Done by Sufian and Maryluz the Rpubs link - sufian, Rpubs link - Maryluz After all of the Data Scientist job data was collected and posted to GitHub, we could then write R code that pulled each CSV file in the individual GitHub repos.

Once the data from each file was collected, the column names had to be modified. Although the data in each file was the same, we needed to make sure there was uniformity in the column header labeling. The job descriptions were then cleaned by removing unwanted words and characters such as punctuation marks, beginnings of URLs (HTTP text), and stop words. The words remaining in each description became the main words needed for our analysis. We decided to take the tf-idf approach for our word analysis. Tf-idf measures how frequently a word occurs in a document. Since we are looking for soft skills we want to measure the frequency of words such as collaborative, creative, organized, leadership, and teamwork.

Text Analysis and Visualizations and Conclusion.

The top 3 technical tool skills associated with data scientist today are: Python, R, and SQL
The top 3 hard skill sets sought by hiring managers are: Modeling, Machine Learning, and statistics
The top soft skills that companies are looking for are Research, communication which is almost a tie followed by “passion”.

The 3 top tools and hard skills are very much talked about in our class and the industry whereby employers expect their new hires to know already. The tool and hard skill sets are almost pre-requisites with soft skills just as critical and important in an ever-increasing cross-functional work environment that we work in today.
In general, hiring companies want or expect their new hires to have the 3 following important skills:

The What: To utilize these tools (Python, R, and SQL) on an everyday basis for their work.
The How: While the tool knowledge is the first step, they also expect their hires to be able to perform statistical modeling. In addition, modeling machine learning algorithms based on sound statistics form the foundations of a skilled, competent data scientist.
The Need: The last but not least is “people” or soft skills. That is the ability for doing sound research and communicating their findings to their peers and other business groups. This is key to a really successful career in data scientists.

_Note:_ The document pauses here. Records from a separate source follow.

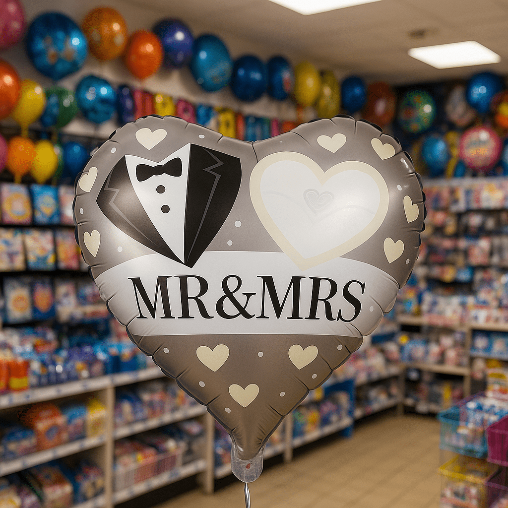 Celebrate your special day with these elegant Mr & Mrs Wedding Heart Foil Balloons! This 3-pack of beautiful heart-shaped balloons is perfect for adding a touch of romance and sophistication to your wedding reception or anniversary party. The Mr & Mrs Wedding Heart Foil Balloons 3-Pack features three large foil balloons, each showcasing a tuxedo, hearts, and the charming “Mr & Mrs” inscription. These durable foil balloons are easy to inflate with helium or air, and their lovely beige and black design will create a stunning atmosphere. Ideal for wedding celebrations, engagement parties, or even romantic anniversaries, these balloons are sure to create unforgettable memories! Use them as a beautiful centerpiece, a fun photo backdrop, or a unique gift for the happy couple.
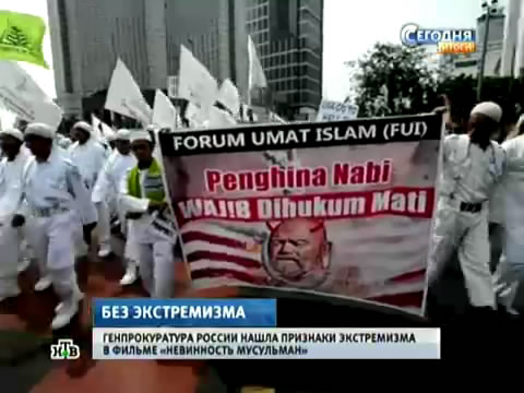 Марина Гриднева, официальный представитель Генпрокуратуры: «По итогам проверки, которую провела Генеральная прокуратура России, подготовлено исковое заявление в суд о признании фильма, который оскорбляет чувства верующих и разжигает межнациональную рознь, экстремистским материалом».И сегодня же страны Евросоюза начали разработку особых мер безопасности по защите своих дипмиссий за рубежом и в первую очередь в исламских странах. Акции протеста уже перекинулись и на саму Европу. Массовые выступления мусульман прошли в Бельгии, Франции и Великобритании. В Антверпене стихийная манифестация обернулась серьезными уличными столкновениями, в результате которых были задержаны сотни человек.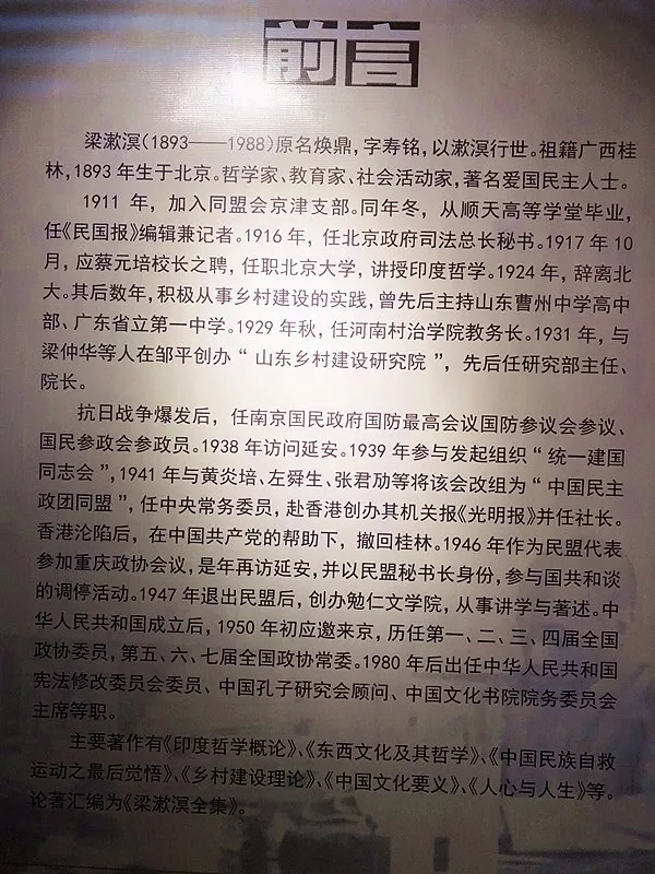 今年是梁漱溟先生逝世三十周年,这次梁漱溟先生生平图片展的意义,正是在于通过对梁漱溟先生的缅怀和纪念,让我们继承梁漱溟先生留下的宝贵的精神财富,努力建设一个更好的世界。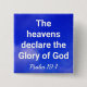 A square button, this item has "The heavens declare the Glory of God" "Psalm 19:1" written in big bold white text. The background is a picture of a beautiful blue sky. Order yours today!
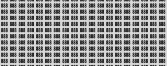 Rätsel und optische Täuschungen dienen nicht nur dem Spaß, sondern sind auch eine gute Möglichkeit, Ihren IQ und Ihre Beobachtungsgabe zu testen. Sie verfügen über ein hohes Maß an Intelligenz, wenn Sie diese knifflige optische Täuschung in nur drei Sekunden lösen können. Deine Aufgabe ist es, die Zahl 808 zu finden, die in der Folge 888 versteckt ist.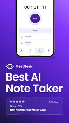 MeetGeek je aplikacija za snimanje glasa i AI bilježnik koji koristi umjetnu inteligenciju. Omogućuje transkripciju govora u tekst i snimanje zvuka na preko 50 jezika, olakšavajući vaše sastanke i bilješke.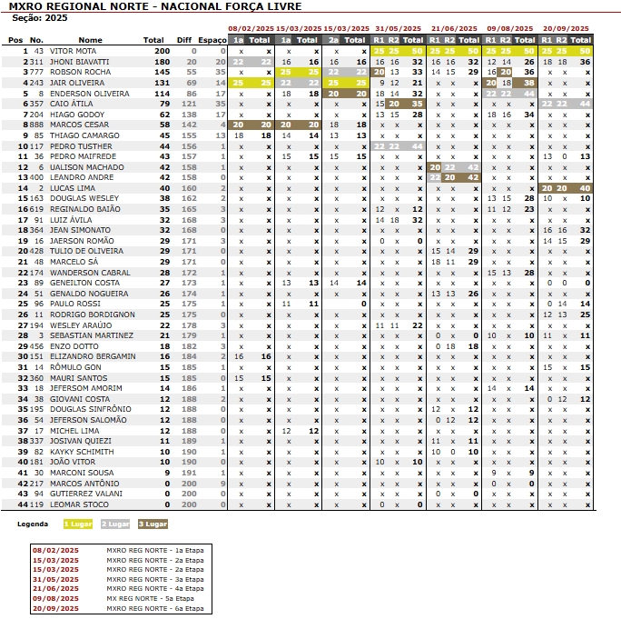 O grande destaque foi Vítor Mota (#43, Buritis), que venceu todas as etapas e conquistou o título de forma invicta, alcançando 200 pontos. O vice foi Jhoni Biavatti (#311, Nova Califórnia), com 180, enquanto Robson Rocha (#777) encerrou em terceiro com 145

We have learned that a good technical person is only as good as his/her communication ability. The ability to convey technical findings in common layman terms is what separates a hire from being a great scientist to simply just an average one.

What we learned

This was a very interesting project for multiple reasons and it fair to say that we learned quite a bit as we strove to accomplish our goals in the time allotted. We encountered some difficulties along the way as expected; some we could resolve and some we could not and had to make quick decision and move on. Everyone was eager participate and ready to pinch in.

The following are some key points that we learned along the way:

Communication:

For most of us, this project was the first time that we worked collaboratively with each other and even though some of us reside in the NY area, all communications were done remotely (no In-person communication). The technology stack that we selected for this project yielded mixed results.

Zoom for online meeting: Good
Email for basic exchange of ideas/files: Not Good, became very unruly towards end of project
Github / Rpubs for handoff of project pieces: Good, probably could make better use of Github capability regarding forked repositories.
Phone: OK, limited use and not always had numbers. We could have done better with same technology
Slack: Good, we were able to share files and send quick memo to each other.

In future projects we would definitely look to improve communication, like involving Git and version control system to debug our code - sourcetTree.

Time-Management:

The team was fairly successful in managing time

Limited scope and more focus approach

The team was quite ambitious in what we tried to accomplish. We were quite successful but a more focus approach with a more time spent in planning would have been beneficial.

Documenation:

It is not unusal for documentation to be an afterthought in a project and this one was no different. In future project, we would probably appoint a record-keeper much earlier and have this person in charge of the overall documentation of the project.